在这项工作中，我们引入了一种结合DFT和机器学习的方法来深入了解氢（HER）和氧（OER）演化反应的金属-有机框架（MOF）光催化剂的化学设计。为了训练我们的机器学习模型，我们使用专用的DFT工作流评估了314个mof的数据集，该工作流计算了封闭和开放外壳mof的五组描述符。我们的数据集由多种选择的QMOF数据库和实验报道的MOF光催化剂组成。此外，为了确保数据集的平衡，我们设计了一组mof (CDP-MOF)，灵感来自于对不同类型光催化材料的见解。我们的机器学习方法使我们能够筛选整个QMOF和CDP-MOF数据库，以寻找有希望的候选者。
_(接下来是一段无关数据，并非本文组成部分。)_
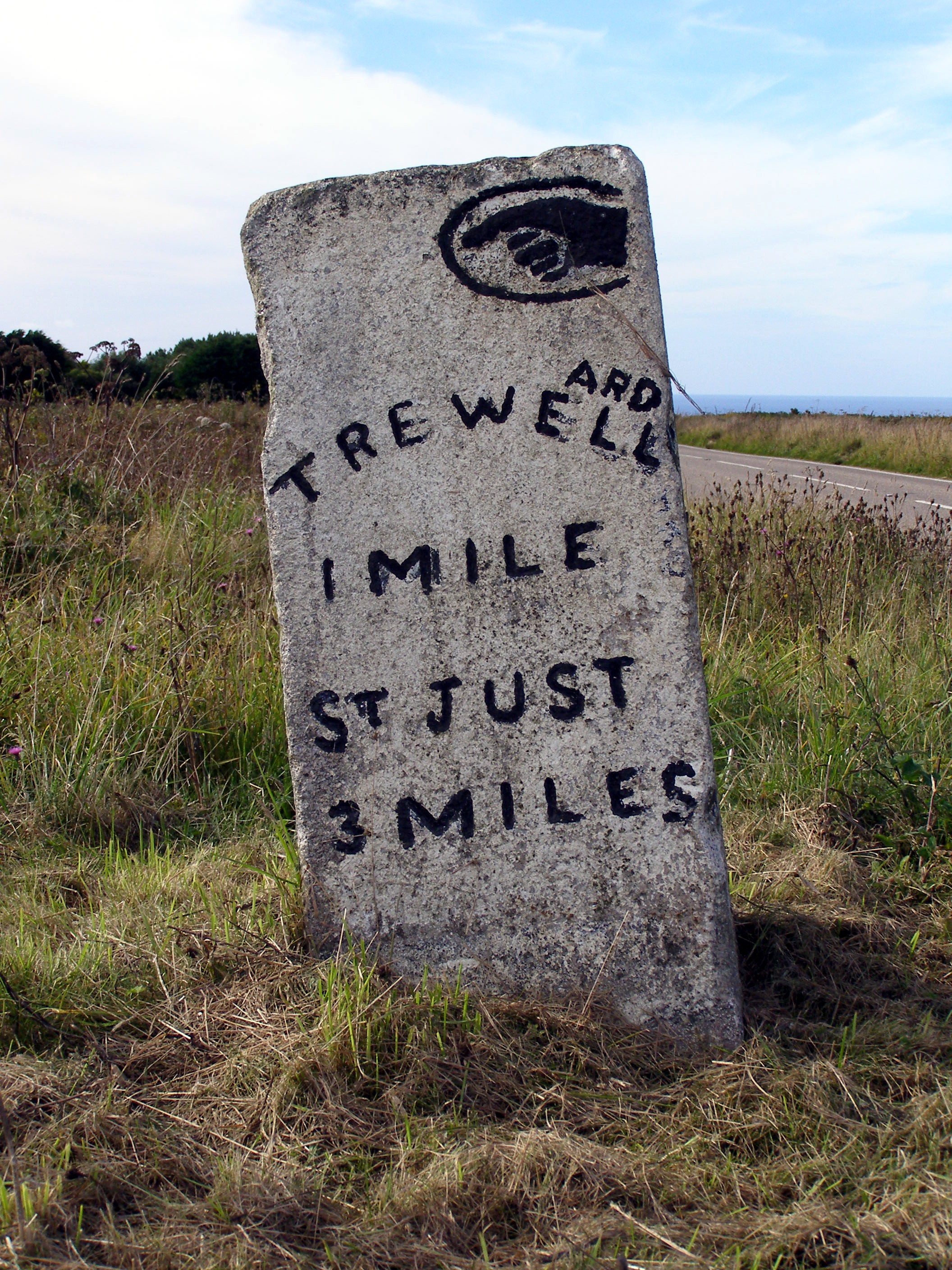 Milestone pointing to Trewell(ard) at the junction of the B3318 west of Woon Gumpus common, Penwith, Cornwall

我们对化学设计空间的分析表明，我们有许多材料具有合适的电子和空穴空间重叠，带隙，带边对准HER和载流子有效质量。然而，我们在QMOF数据库中发现，只有非常小比例的材料也具有正确的带边对准OER。利用CDP-MOF数据库，我们成功地定位了可能具有正确OER波段对准的构建块，并且确实获得了更大比例的符合该标准的材料。其中，一些基序非常引人注目，如金吡唑酸酯、钛簇和棒状金属节点，以及用Mn4Ca簇设计的特殊MOF，它模仿了光合作用光系统II中的OER中心。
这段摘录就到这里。